We seek to maintain access to a diverse set of on-balance sheet and off-balance sheet liquidity sources, including
cash and other liquid assets, committed bank credit facilities and ABS conduit facilities. Through our U.S. bank
subsidiaries, we also hold collateral eligible for use at the Federal Reserve’s discount window.
The amount and type of liquidity resources we maintain can vary over time, based upon the results of stress
scenarios required under the Dodd-Frank Wall Street Reform and Consumer Protection Act (Dodd-Frank) and other
regulatory measures of liquidity, such as the Liquidity Coverage Ratio (LCR), as well as additional stress scenarios
required under our liquidity risk policy. These stress scenarios possess distinct characteristics, varying by cash flow
assumptions, time horizon and qualifying liquidity sources, among other factors. Scenarios under our liquidity risk
policy include market-wide, firm-specific and combined liquidity stresses. The LCR rule prescribes cash flow
assumptions over a 30-day period and establishes qualifying criteria for high-quality liquid assets. We consider other
factors in determining the amount and type of liquidity we maintain, such as economic and financial market conditions,
seasonality in business operations, growth in our businesses, potential acquisitions or dispositions, the cost and
availability of alternative liquidity sources and credit rating agency guidelines and requirements.

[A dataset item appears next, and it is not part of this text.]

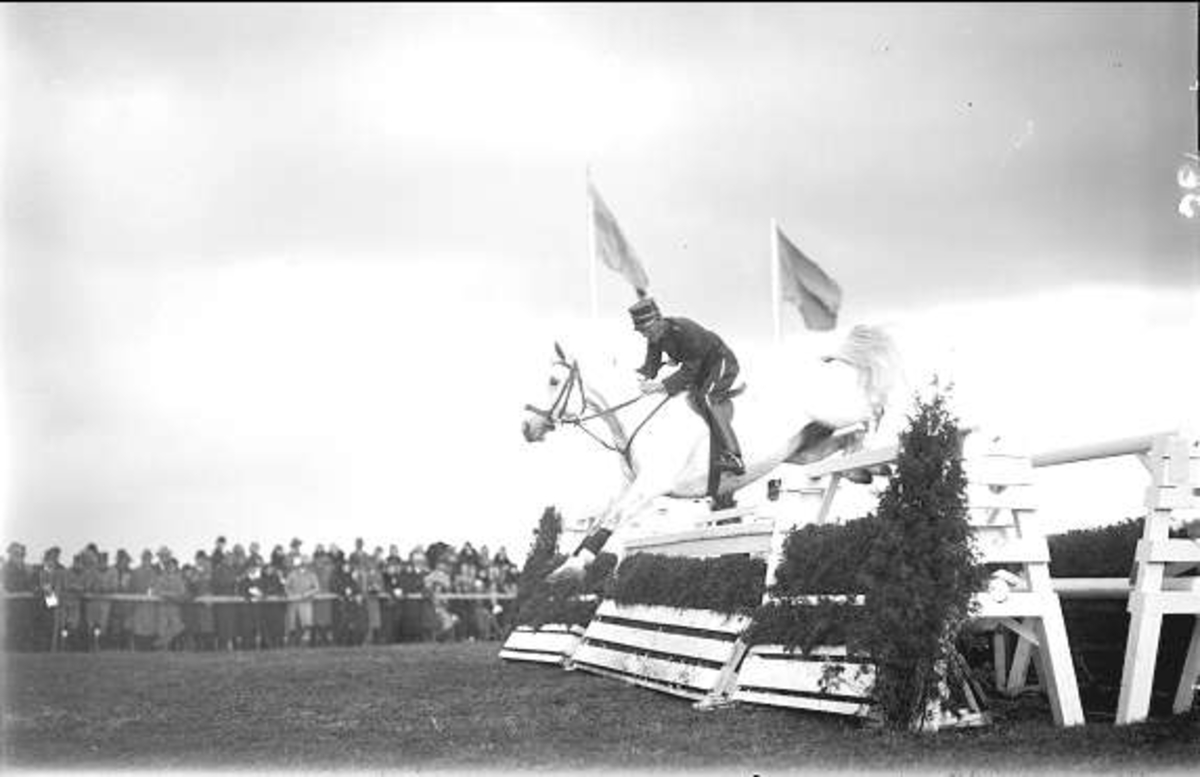 Titel: Skövde fältrittklubbs tävlingar 1930 på prishoppningsbanan öster kasernen. Observera åskådarmassorna - vissa år närmare 10.000 personer sammanlagt på lördagar och söndagar.

The investment income we receive on liquidity resources, such as cash, is less than the interest expense on the
sources of funding for these balances. The net interest costs on these amounts have been substantial. The level of
future net interest costs depends on the amount of liquidity resources we maintain and the difference between our
cost of funding these amounts and their investment yields.

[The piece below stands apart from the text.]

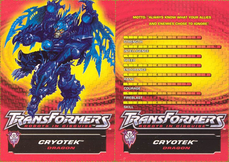 Bemerkungen: Genau wie Air Attack Optimus Primal und Megatron Megabolt ist Cryotek zwar Teil der Robots in Disguise Spielzeugreihe, gehört aber eigentlich in die Vorgängerserie Beast Machines. Und obwohl er weder in der einen noch der anderen TV Serie auftauchte, wurde Cryotek rückwirkend in das Beast Wars / Beast Machines Universum eingefügt, nämlich durch die Universe Comicreihe von 3H Productions. Er war der Hauptbösewicht in der Universe: Wreckers Reihe, der Mentor von Beast Wars Megatron, half den Quintessons bei einer Invasion von Cybertron und brachte beinahe die Macht von Primus in seine Gewalt. Da die 3H Productions Comics aufgrund der Firmenpleite nie vollendet wurden, kann man die komplette Story nur in der Text-Story "Wreckers: Finale" nachlesen, exklusiv für Mitglieder des Transformers Collectors Club erhältlich.

Securitized Borrowing Capacity
As of December 31, 2015, we maintained our committed, revolving, secured borrowing facility, with a maturity
date of July 15, 2018, that gives us the right to sell up to $3.0 billion face amount of eligible AAA notes from the
American Express Issuance Trust II (the Charge Trust together with the Lending Trust, the Trusts). We also
maintained our committed, revolving, secured borrowing facility, with a maturity date of September 15, 2017, that
gives us the right to sell up to $2.0 billion face amount of eligible AAA certificates from the Lending Trust. Both
facilities are used in the ordinary course of business to fund seasonal working capital needs, as well as to further
enhance our contingent funding resources. As of December 31, 2015, $1.0 billion was drawn on the Charge Trust
facility and $0.1 billion was drawn on the Lending Trust facility, both of which were subsequently repaid on January 15,
2016.
Federal Reserve Discount Window
As insured depository institutions, the Banks may borrow from the Federal Reserve Bank of San Francisco,
subject to the amount of qualifying collateral that they may pledge. The Federal Reserve has indicated that both credit
and charge card receivables are a form of qualifying collateral for secured borrowings made through the discount
window. Whether specific assets will be considered qualifying collateral and the amount that may be borrowed against
the collateral remain at the discretion of the Federal Reserve.
We had approximately $50.9 billion as of December 31, 2015 in U.S. credit card loans and charge card receivables
that could be sold over time through our securitization trusts or pledged in return for secured borrowings, to provide
further liquidity, subject in each case to applicable market conditions and eligibility criteria.